How to complete this task
What you return should be the full listing, word for word, without a single image.

Source material
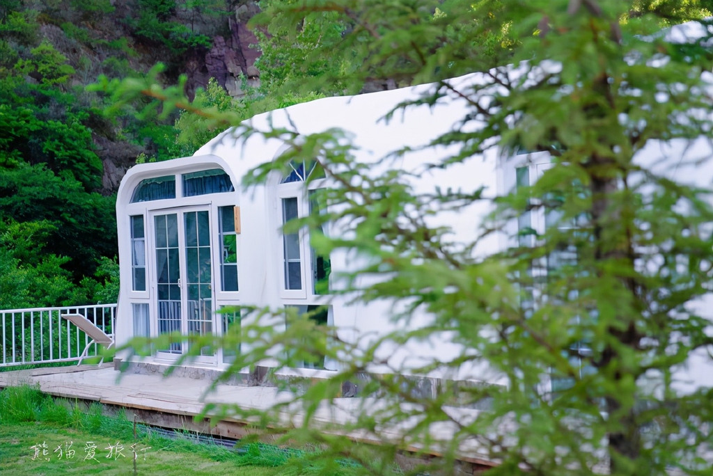 距离度假别院不远处有一片白色建筑群落,中间围合住一片大草坪,四周分布着山楂树下度假私墅&星际太空屋,其中4栋私墅,每个都拥有3间客房,一层有独立庭院休闲区,二层有大面积室外观景露台。造型奇幻的太空屋,绝对让人一住难忘,270度半圆形大面积落地窗,置身屋内就能感受到森林的光影。住在这个区域,还可以坐在屋后的小沙滩躺椅上发呆,看孩子们在安达木河的小溪流里玩耍。
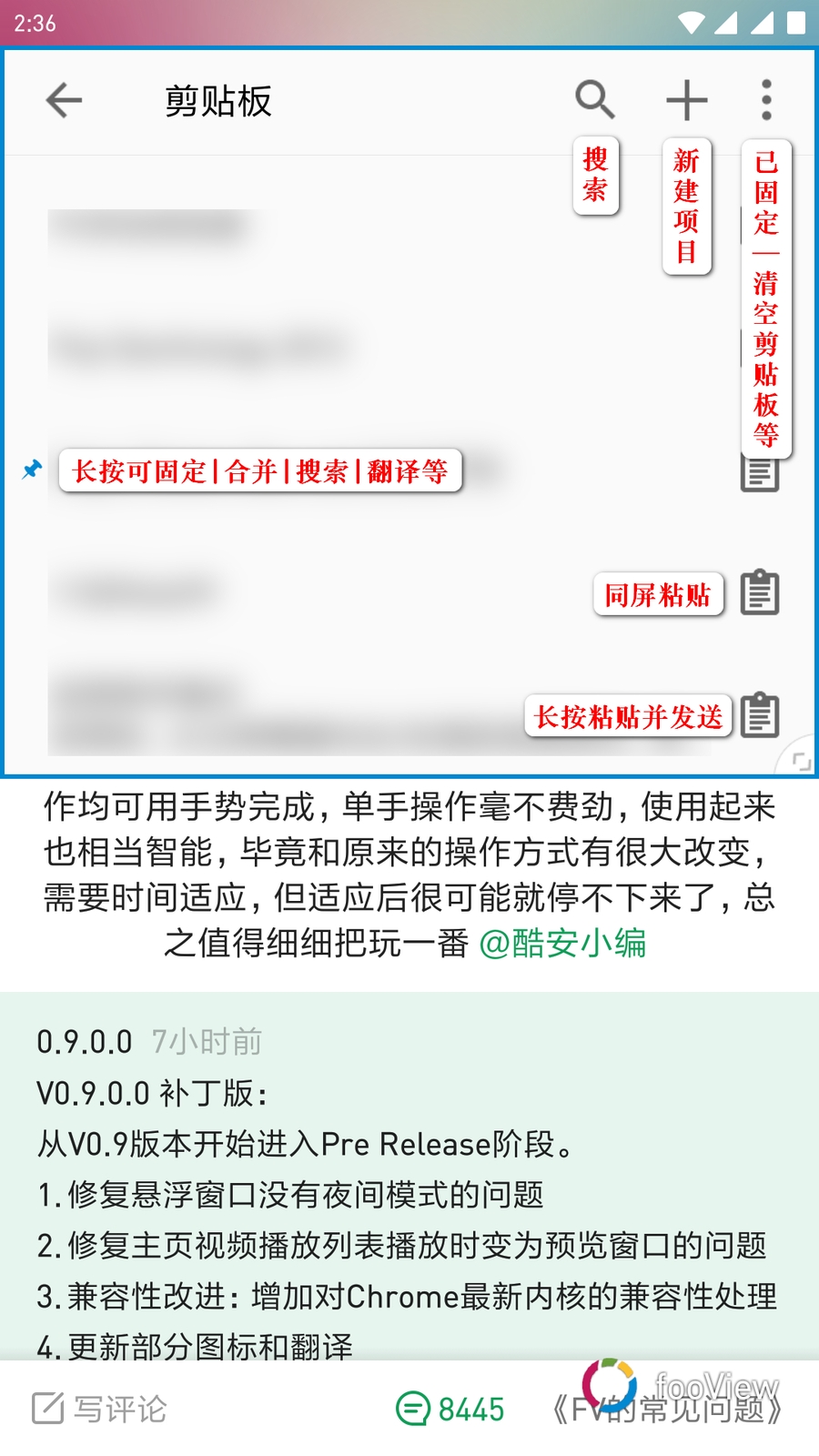 通过手势、长按、快速访问来快速打开/关闭剪贴板。
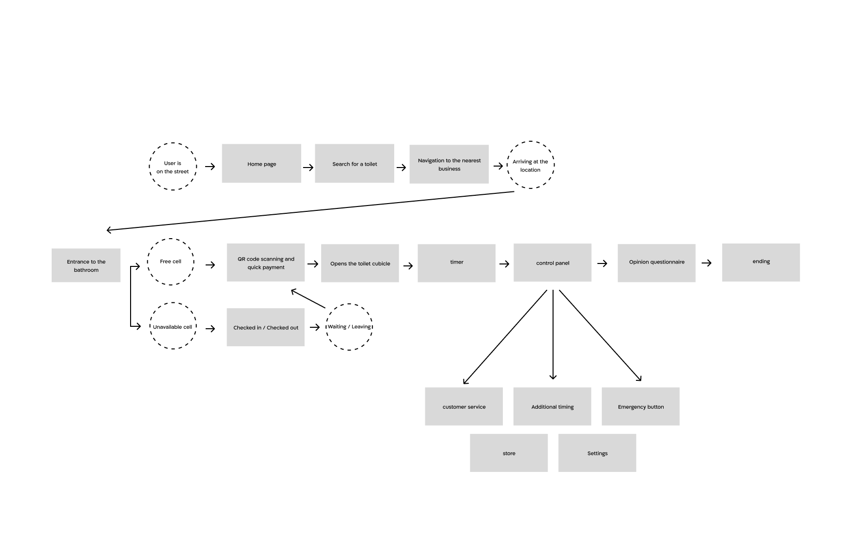 Starting with user behavior analysis and urban infrastructure studies, I began to understand the gaps in restroom availability and accessibility. Additionally, I uncovered a growing need for real-time solutions tailored to diverse user groups, highlighting opportunities for a more inclusive and efficient system.

Response box
 距离度假别院不远处有一片白色建筑群落,中间围合住一片大草坪,四周分布着山楂树下度假私墅&星际太空屋,其中4栋私墅,每个都拥有3间客房,一层有独立庭院休闲区,二层有大面积室外观景露台。造型奇幻的太空屋,绝对让人一住难忘,270度半圆形大面积落地窗,置身屋内就能感受到森林的光影。住在这个区域,还可以坐在屋后的小沙滩躺椅上发呆,看孩子们在安达木河的小溪流里玩耍。
 通过手势、长按、快速访问来快速打开/关闭剪贴板。
 Starting with user behavior analysis and urban infrastructure studies, I began to understand the gaps in restroom availability and accessibility. Additionally, I uncovered a growing need for real-time solutions tailored to diverse user groups, highlighting opportunities for a more inclusive and efficient system.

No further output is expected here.